Information and review guide for final exam

1. What to expect / how to prepare

• The exam is in the classroom, on paper, closed-book
  • The exam is written to take about 90 minutes to complete, which leaves you time to check your work

• You may prepare and bring one page of notes:
  • Letter-size paper (8.5 x 11 inches) or A4, or smaller
  • Write on one side only
  • On the other side, you may print out the 2020 IPA chart (remember to be careful about "hooktop-a", [a])
  • Your notes page must be handwritten — no screenshots or scans
  • Your notes page must be turned in with the exam (but it won't be graded)

• No calculators may be used for this exam
  • You may solve for the variable in question and leave your answers in the form of fractions (or do simple calculations by hand)

• Students with ARS accommodations who wish to take their exam at the Testing Center should follow ARS policies for registering
  • Please let me know ASAP if you will need different accommodations

2. Course content covered by the exam

• The exam is cumulative; the topics covered will reflect the whole course, but with a focus on topics covered since the midterm
  • See study guide for the midterm exam (basic acoustics; tube resonance frequencies; the source-filter model; perturbation & multiple-tube models; vowels)
  • The rest of this page is a study guide for the second part of the course

• Reminder: The following topics from the midterm will definitely be revisited on the final
  • Drawing the spectrum of a complex wave
  • Perturbation theory and the (pressure) nodes/antinodes in the vocal-tract tube

A. The phonetics of consonants

• Be able to discuss the source(s) and filter(s) that are involved in each class of pulmonic consonants we have investigated:
  • fricatives, stops, affricates, nasals, [l], [ɹ], glides

• Be able to use tube models of the vocal tract to predict formants and antiformants for nasals and [l]
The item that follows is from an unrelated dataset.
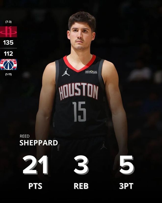 谢泼德,好像真的练出来了一点。 火箭的上一场常规赛,主场135-112击败奇才,这场火箭6人得分上双,其中,杜兰特、申京、阿门、贾巴里史密斯都属于常规操作,重点在谢泼德。

• Be able to identify voicing, place of articulation, and manner of articulation from a waveform + spectrogram display
  • Most of the questions in this category will involve matching a display to a transcription, or choosing an answer from a set of options
  • But, be able to defend your waveform/spectrogram interpretations with reference to aspects of the source-filter model

• Vocal-fold vibration: Understand the basic muscular and aerodynamic factors involved (myoelastic-aerodynamic model)
  • What is the role of muscular tension?
  • What is the role of air pressure?

• Voice onset time (VOT)
  • Understand how the actions of the articulators give rise to different VOT values
  • Know how to measure VOT, given a waveform + spectrogram display

• Airstream mechanisms
  • Be able to explain what causes air to move for ejectives specifically
  • Given a waveform and/or spectrogram:
    • Be able to distinguish ejectives from voiceless plosives
    • Be able to distinguish voiced implosives from voiced plosives
    • There won't be any waveform/spectrogram questions about clicks

• Phonation types will not be included!

B. Applying phonetics knowledge in linguistics research

• Case studies where we can use phonetics knowledge to answer broader questions
  • Sociophonetics — using phonetic analysis to diagnose differences among language varieties, social groups, or speaker behavior in different situations
    • What is the reason for using the Wells lexical sets in discussing English phonetics?
  • Be prepared to use your knowledge of phonetics to comment on or describe some other kind of language phenomenon

• Experimental phonetics and DSP
  • Be able to interpret quantitative information (i.e., data from Praat) to reach conclusions about speech sounds; you will not need to explain how to get this information from Praat, but be able to interpret such information and relate it to articulation and the source-filter model
    Examples:
    • Duration (VOT, vowel or consonant duration, etc.)
    • f₀
    • Vowel formants
    • Formant transitions due to consonant place of articulation
    • Fricative center of gravity/centroid (first spectral moment) and dispersion/standard deviation (second spectral moment)
  • Understand basic concepts in working with digital sound files
    • Understand the difference between continuous (analog) and discrete (digital) representations of a sound wave
    • Know what sampling rate is, and what factors should be considered in setting this value
  • Be able to bring your knowledge of phonetics to bear in thinking critically about an experiment; examples:
    • Be able to state a hypothesis on the basis of phonetic facts or facts about a language
    • Be able to design materials to probe a particular research question
    • Be able to critique how well a given experimental design relates to a particular research question

3. General study suggestions

• Use class slides along with readings to get a sense of what material will be emphasized most. Look over the readings again to see how the various concepts we have covered fit together.

• Be able to solve a problem that is like any of the problems that have appeared on lab assignments, prep questions, or the midterm exam. You may want to try doing assignment or exam problems again without looking at the answers. Try to understand the general concepts behind the problems. Be able to apply what you know to new contexts or situations.

• Be able to answer "application questions" using your knowledge of the material — for example, be able to propose an explanation for a fact about the sounds of some language based on what you know about articulation or acoustics.